The Court held that none of the seven features were "banal or commonplace" within the existing design corpus, but it did find similar designs in the design corpus for every feature. For each feature, design constraints and/or the presence of similar designs in the design corpus explained much of the similarity between the Galaxy Tab and Apple's design.
The Judge's Conclusions
HHJ Birss QC explained that at first he had been struck by the similarity of the Galaxy Tab to the Apple design when he looked at it resting on a table, however, this served to demonstrate the importance of assuming the mantle of the informed user and considering the design corpus. The judge noted the near identity of the front surfaces of the Galaxy Tab and Apple's design, but reduced the weighting of this factor, because there were numerous examples of similar fronts in the existing design corpus. Overall simplicity was the second key similarity, as evidenced by the absence of indicator lights or buttons on the front of the Galaxy Tab or conspicuous switches or fittings on other surfaces. The third key similarity was the "flatness enhancing" effect of the sides.
Of the differences between the designs, two were material: (1) the Apple design is twice as thick as the Galaxy Tab; and (2) there is visible detailing on the back of the Galaxy Tab, which would have appeared unusual to the informed user. The second difference was important because the back of a tablet is an area where there were fewer design constraints and where there was greater variation in the existing design corpus.
Weighing these factors, the Judge concluded that the Galaxy Tab did not have the same "understated and extreme simplicity" of the Apple design and was "not as cool". Thus, the Galaxy Tab produced a different overall impression and did not infringe.

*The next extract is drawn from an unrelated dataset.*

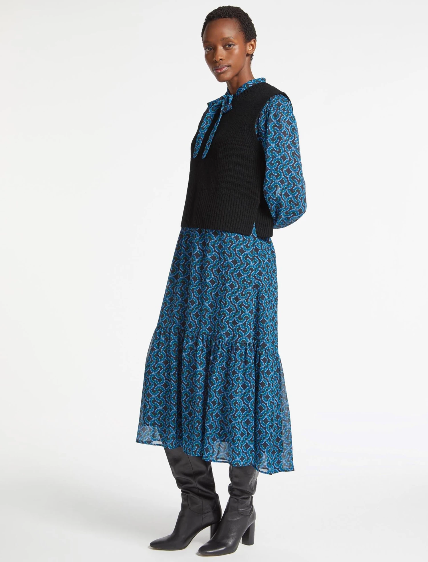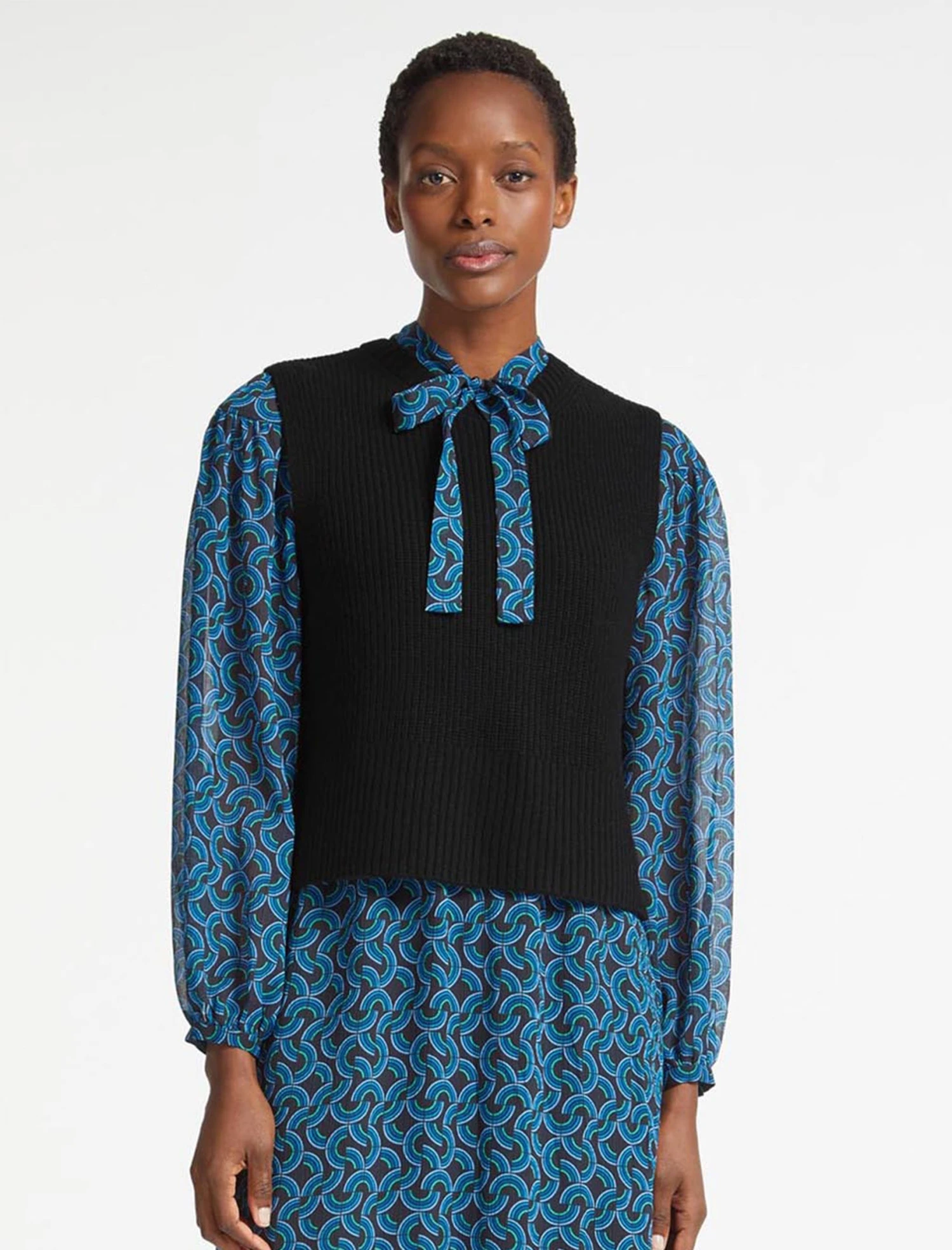 Our bestselling Janie sleeveless knit neatly combines wearable ease, versatility and style. A brilliant layering piece, the fully fashioned armholes ensure it sits snugly over any sleeve – whether a tailored shirt, silk blouse or dress – and under a blazer on chillier days.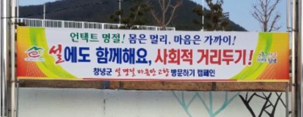 [한국연예축제일보, 유혜경기자] 창녕군은 코로나19 감염병 예방 및 확산 방지 등을 위하여 설 명절 고향 방문 자제 분위기를 확산하고자 ‘설 명절 마음만 고향 방문하기 캠페인’을 추진한다고 밝혔다.

Following the judgment, the Judge ordered Apple to publish a notice on its UK website and in UK newspapers, summarising the judgment and stating that Samsung had not copied its design for the iPad. Normally, the Court would order the infringer to publish such a notice (if it loses on infringement), so making this order was an unusual step. It will be interesting to see if such orders become a standard remedy in other infringement cases. Samsung was denied an injunction to prevent Apple from making public statements expressing that the Galaxy infringed its design rights on the grounds that Apple was entitled to its own opinion. Apple has been granted permission to appeal the judgment.